Los currículos
Enrique Monasterio
pensarporlibre.blogspot.com
Pensar por libre
        No le presté mucha atención cuando me crucé con él en la calle Serrano. Creo recordar que llevaba corbata y un traje gris que necesitaba una plancha urgente. Era menudo y flaco. Tendría cincuenta o sesenta años.

        —¿Podría ayudarme…?

        Al principio no le oí bien. Hablaba en voz muy baja y no caí en la cuenta de que me estaba pidiendo limosna. Pensé que preguntaba por una calle.

        —¿Perdón?…

        Entonces echó mano a una carpeta de plástico que llevaba bajo el brazo y sacó unos pocos folios pulcramente escritos. Era su currículum, sus méritos profesionales. No recuerdo muy bien los detalles; me parece que había sido profesor de física o de química, y detallaba su especialidad con un estilo enfático poco inteligible. Al fin me aclaró que necesitaba "algo" para comer. Yo me quedé tan confuso que no supe responder adecuadamente.

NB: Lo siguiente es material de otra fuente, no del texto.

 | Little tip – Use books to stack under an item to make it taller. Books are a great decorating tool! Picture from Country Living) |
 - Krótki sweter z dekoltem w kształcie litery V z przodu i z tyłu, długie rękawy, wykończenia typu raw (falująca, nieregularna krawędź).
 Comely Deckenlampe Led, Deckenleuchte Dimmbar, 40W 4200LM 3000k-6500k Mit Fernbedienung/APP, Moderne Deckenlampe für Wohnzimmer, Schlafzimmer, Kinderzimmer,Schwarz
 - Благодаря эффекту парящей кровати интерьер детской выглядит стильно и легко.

        —Para pedir limosna, no necesita usted enseñar el curriculum.

        Quise ser delicado, pero aquello sonó como una grosería. Le di cinco euros y me alejé con mal sabor de boca.

        Quizá han pasado seis o siete meses; pero hoy he vuelto a recordar al mendigo del curriculum, porque me toca enviar un artículo a Mundo Cristiano y, tratándose del mes de noviembre, pienso que, por una vez, puedo atreverme a escribir sobre la muerte.

        Hablar de la muerte siempre significa hablar de uno mismo, de esa pequeña muerte que todos llevamos encima, que nos acaricia el oído cada noche y se nos insinúa en un pequeño dolor inesperado, en un cansancio extraño o en un simple cómputo del tiempo que se va acelerando.

        El caso es que hace unos días tuve una interesante conversación sobre el tema. Mi interlocutor era un hombre relativamente joven que iba a someterse a unas pruebas diagnósticas "para descartar" –siempre emplean este verbo– la presencia de un tumor maligno. Estaba aparentemente tranquilo, pero no podía dejar de pensar que tal vez el final estaba más próximo de lo previsto. Citó en inglés aquellas palabras de Hamlet: "¡morir, dormir, tal vez soñar! y se preguntaba lo mismo que el célebre personaje de Shakespeare: "¿qué sueños pueden sobrevenir en el sueño de la muerte?…"

        Nuestra conversación no fue precisamente literaria, a pesar de que hablamos de Calderón y hasta de Jorge Manrique. Luego, con aire de resignación, concluyó:

        —No sabe la cantidad de currículos que tuve que repartir hasta conseguir mi primer empleo. A cada empresa le contaba lo que querían oír. Todo bien compuesto con pequeñas mentiras. Ahora, si me toca cambiar de casa, ¿qué curriculum puedo presentar?

        A punto estuve de decirle la misma grosería que le espeté al mendigo: para pedir limosna, no necesitas enseñar el curriculum. Al fin se lo dije aunque de forma menos brusca, porque ésa es, en el fondo, la cuestión: no tenemos tanto miedo a la muerte como a lo que viene después. "Morir sólo es morir; morir se acaba" ?escribió un poeta?. Pasar esa puerta es sencillo y rápido; todos morimos "de repente". La incógnita está al otro lado. ¿Nos pedirán un curriculum intachable? ¿Cómo lo adornaremos?

        Conocemos la respuesta: el Cielo es gratis; la limosna de la vida eterna no se da en razón de unos méritos pasados, sino por la cantidad de amor que llevemos en presente al cruzar ese último umbral de la vida. No hay en la Gloria un registro de antecedentes penales ni un archivo histórico de batallas ganadas gloriosamente. El pasado condiciona el presente, por supuesto: la historia de cada uno va modelando la personalidad, ensancha el corazón o lo envilece; nos capacita para el Cielo o nos aboca a una eternidad de soledad y desamor.

        Pero el curriculum no basta. Un solo instante de amor de Dios, de ese Dios que perdona y olvida, puede quemar toda la basura del pasado y, con él, nuestro pobre curriculum lleno de mentiras.

        No presumamos de lo que hicimos ayer. El verbo amar sólo se conjuga en presente de indicativo.